The tunnel was on the "Bath Extension" line of the Somerset & Dorset Railway, built in 1874. The extension effectively bankrupted the independent company. The extension line was later made double-track northwards from Evercreech Junction to the viaduct at Midford, but the substantial civil engineering works associated with the tunnel and the steep approach into Bath, including the shorter Devonshire Tunnel, caused the northernmost section to remain single-track throughout its working life.

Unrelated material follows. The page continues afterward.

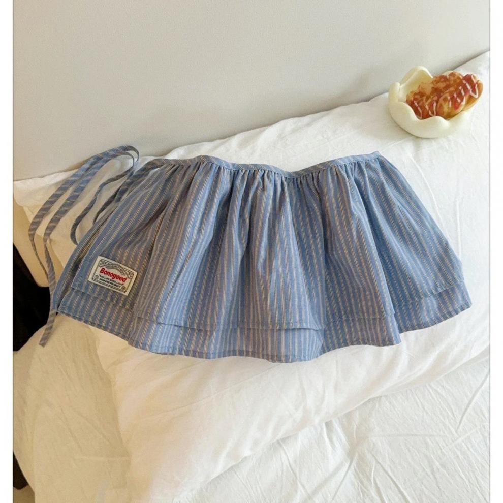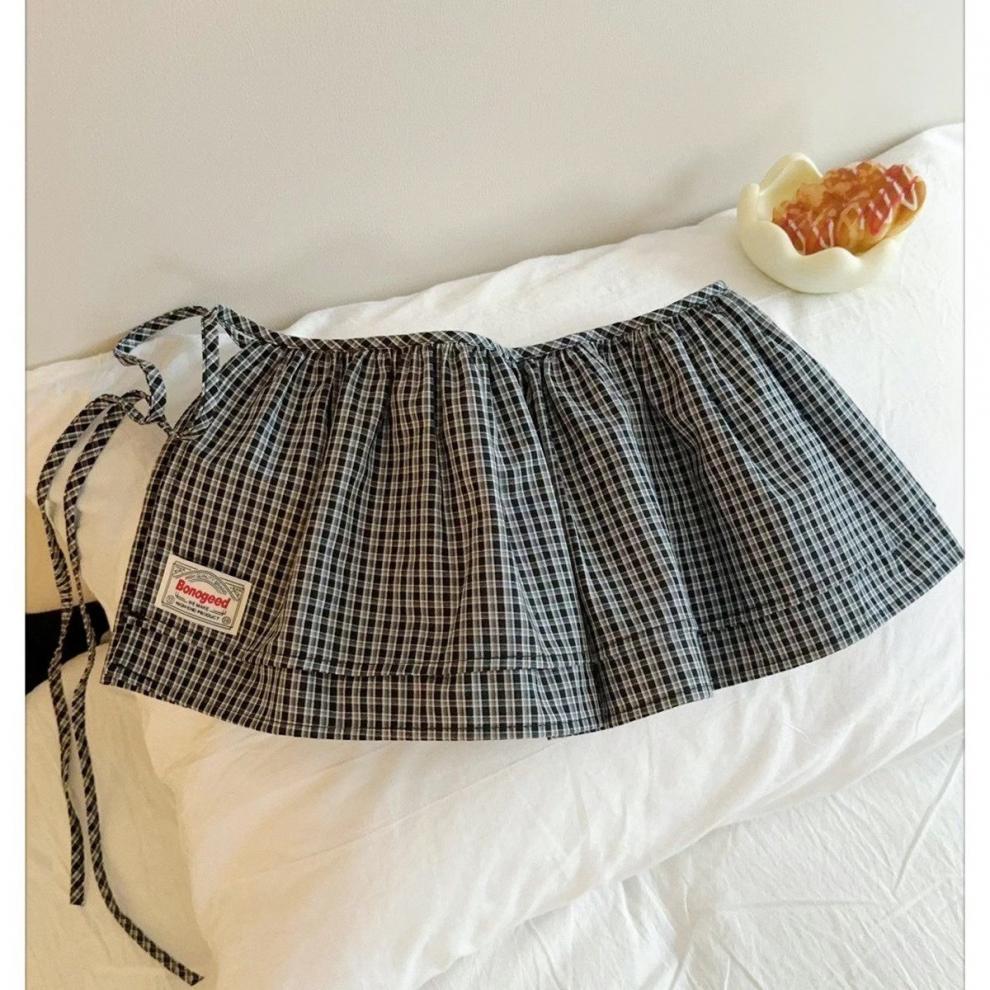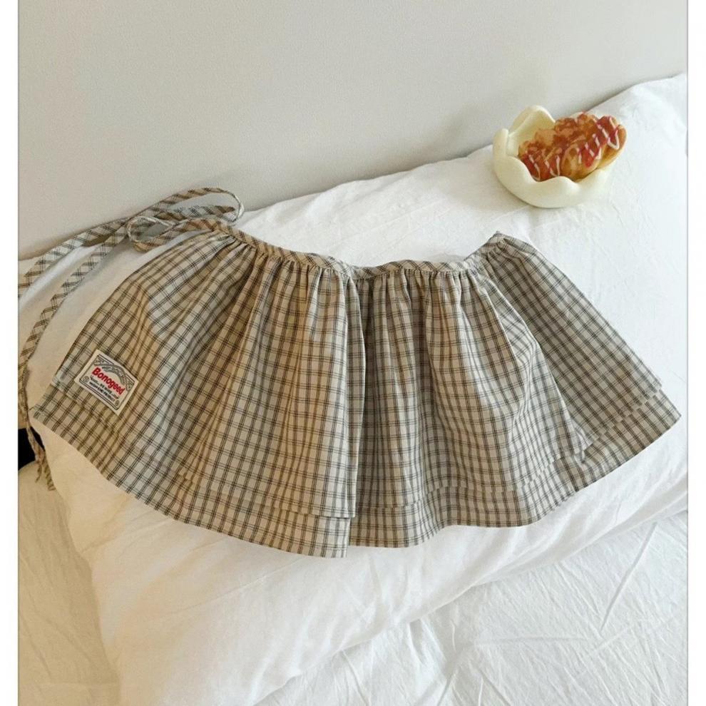 어린이 2025 봄 새로운 스타일 블루 격자 무늬 레이스 업 엉덩이 커튼 소녀 한국 복고풍 다목적 장식 하프 길이

Goods trains heading south from Bath were often banked (assisted in rear) by a locomotive that detached itself from the train at the entrance to Combe Down tunnel, and then returned down the gradient to Bath. This operation was a very rare example of two trains being permitted to run within a single-line section at once, although the train engine carried an electric tablet and the banking engine a staff, both of which had to be returned to their appropriate signalling instruments before other trains could be dispatched into the section. Sometimes the banking engine would be conveying additional goods vehicles for Bath Co-op Siding (situated within the single line section), so the bank engine (carrying the bank staff) would shunt the siding on its way back to Bath Junction whilst the main train (with the single-line tablet) would continue on its way to Midford. This unusual method of working operated right up to the closure of the S&D in 1966.

== Accident ==
Combe Down tunnel had no intermediate ventilation and there were significant problems with fumes. On 20 November 1929, the driver and fireman of a northbound goods train were overcome by smoke. The train was moving very slowly in the tunnel due to a heavy load and due to starting from a standstill at . The locomotive, S&DJR 2-8-0 No. 89, continued on slowly and eventually breasted the summit of the gradient. Its downward course to Bath was accomplished more quickly, and the train ran away, crashing into the goods yard on the approach to Bath Green Park railway station, killing the driver, Henry Jennings, and two railway employees in the yard.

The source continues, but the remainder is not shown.